A Clockwork Orange is a political satire. Set in a dystopian world, it follows the protagonist Alex and his gang of ‘Droogs’ on their wild and violent escapades as the state sets out to reform him. When he is eventually reformed, after a series of incredibly horrendous rapes and attacks, he’s devoid of free will and autonomous moral choice. Overall, it’s a story about freedom, the nature of evil and the capacity for redemption. It asks the question of whether it’s better for a person to choose to be bad or be forced by the state to be good, leaving the answer up to the reader’s interpretation.

But quickly, Burgess realised that his reader didn’t consider this. Instead of getting the deeper meaning, the novel was seen as glamorising violence and became the scapegoat for any violent attack. “If a couple of nuns are raped in the Vatican, I get a call from a newspaper. They have turned me into some kind of expert on violence,” he said, claiming that the reaction was gravely worsened by Stanley Kubrick’s cinematic adaptation of the book. After the story stretched further across cultural commentary, its name began being brought up more and more in headlines like “Police hunt the Clockwork Orange rapist gang” or “Child dies in Clockwork Orange war”, attaching the story to real-life crimes as if Burgess somehow orchestrated them.

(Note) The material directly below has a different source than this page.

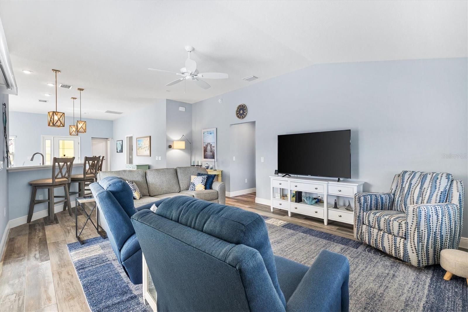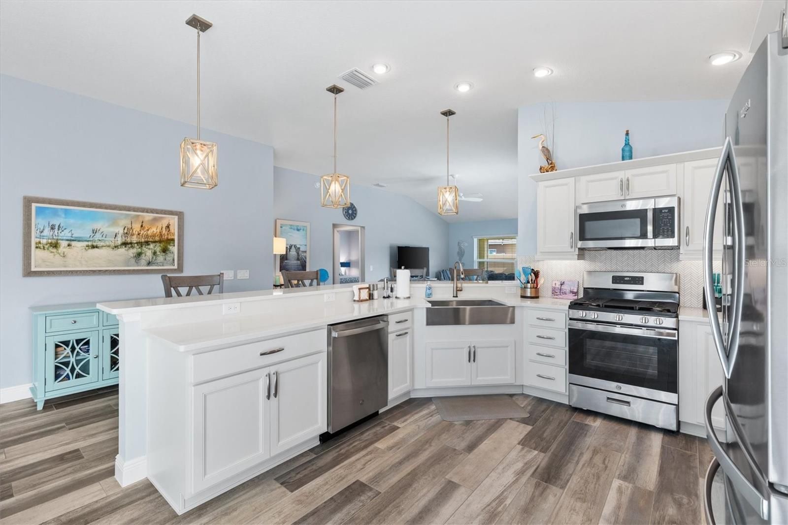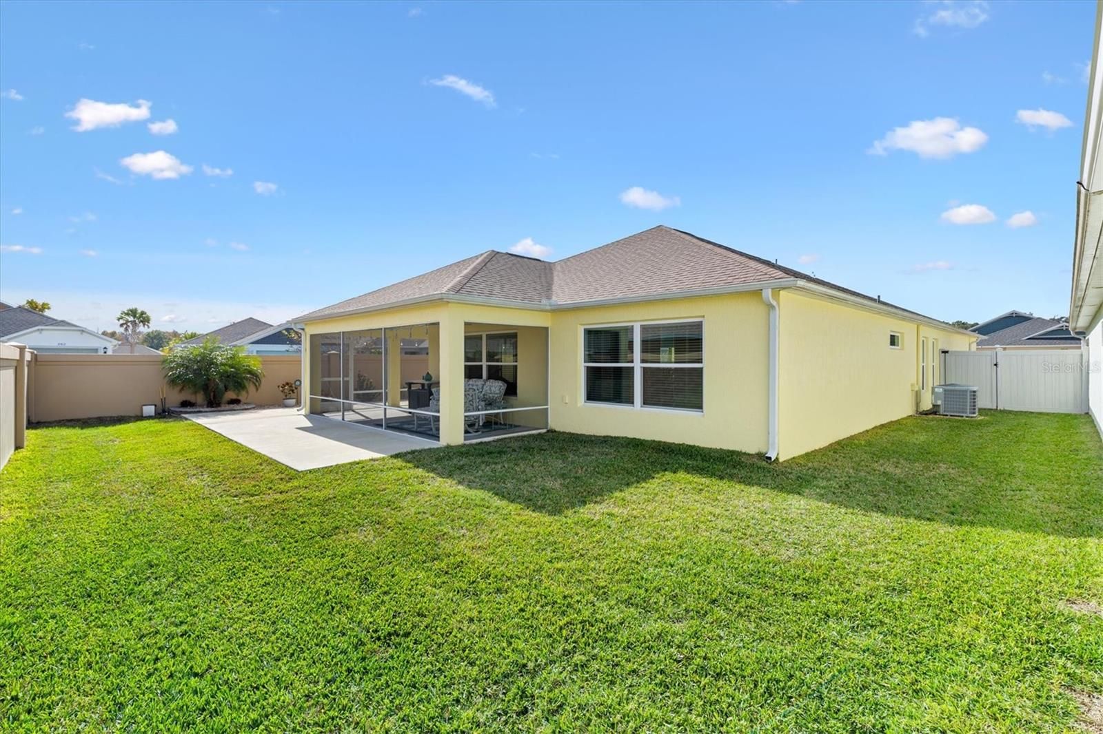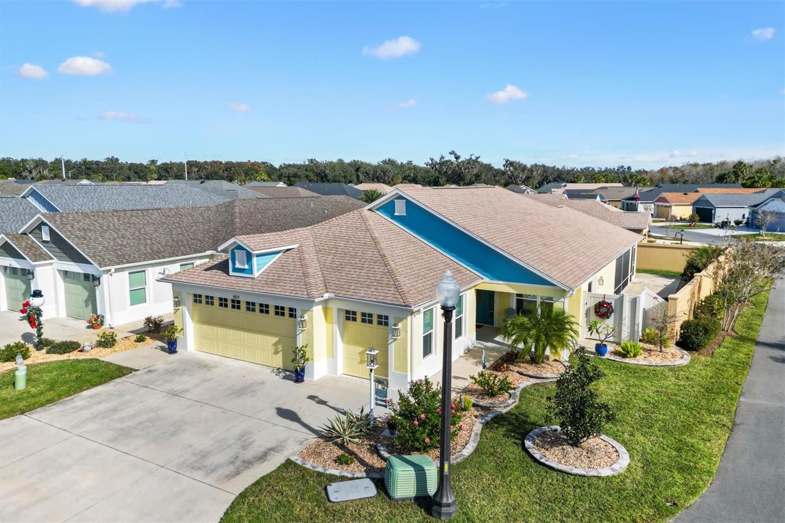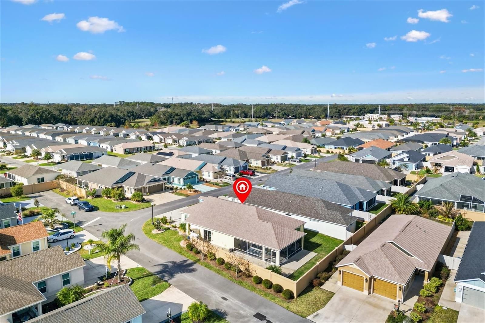 Welcome to 5617 Stricklin Street, a beautifully enhanced home tucked away in the highly sought-after Village of Hammock at Fenney, right in the heart of Palmetto Villas—one of the most picturesque and naturally serene pockets of The Villages. From the moment you arrive, you’ll notice the thoughtful care poured into this home, beginning with upgraded landscaping in both the front and back, outdoor lighting that warmly highlights the home at night, and added gutters that help ensure long-term exterior protection. A lovely glass front door with transom sets the tone for the bright, inviting interior waiting inside. Step through the entryway to an open-concept living space filled with natural light and modern comfort. The kitchen has been beautifully improved with pull-out shelves, under-cabinet lighting, a stylish tile backsplash, and sleek quartz countertops—all working together to create a space that’s both functional and elegant. The upgraded refrigerator adds even more convenience. Tile flooring flows throughout the home, giving every room a clean, cohesive look and easy maintenance. The primary suite offers a peaceful retreat, while guest spaces provide comfort for friends and family. Storage has been thoughtfully expanded with added laundry room cabinets, making organization effortless. One of the highlights of this home is the extended lanai, a perfect place to relax, entertain, or simply enjoy the peaceful Fenney breezes. Whether you’re savoring your morning coffee or unwinding after a day of golf and recreation, this expanded outdoor area brings the best of Florida living right to your doorstep. Additional upgrades—such as the included washer and dryer—make this home truly move-in ready, allowing the next owner to enjoy an effortless transition. Living in Palmetto Villas means being surrounded by nature trails, shimmering ponds, and the rustic charm of Fenney’s unique setting—while still being just minutes from golf, recreation centers, resort-style pools, dining, shopping, and all the incredible amenities that make The Villages famous. 5617 Stricklin Street isn’t just a home—it’s a lifestyle. With its premium upgrades, serene location, and beautifully expanded living spaces, this property is ready to welcome its next proud owner. Buyer to verify data and dimensions.

Decades after the release of the novella and years after the film adaptation, Burgess’ conscience couldn’t take anymore. What had started as a stroke of genius and a satirical story written quickly during a three-day spring of intense inspiration, had now been twisted totally. What should have been an amazing brainchild raised by a gifted writer was now being handled as if Burgess had brought up a psychopath.

Burgess wasn’t the only one worried about its impact on the wider world, either, with Kubrick himself pulling the movie from distribution after a number of threats to his own life.

By 1986, in the prologue to a reissued version, the writer cut ties with the novel altogether. “I should myself be glad to disown it for various reasons,” he said before sadly accepting, “It seems likely to survive, while other works of mine that I value more bite the dust.” As A Clockwork Orange remains his best-known work, he was unfortunately correct.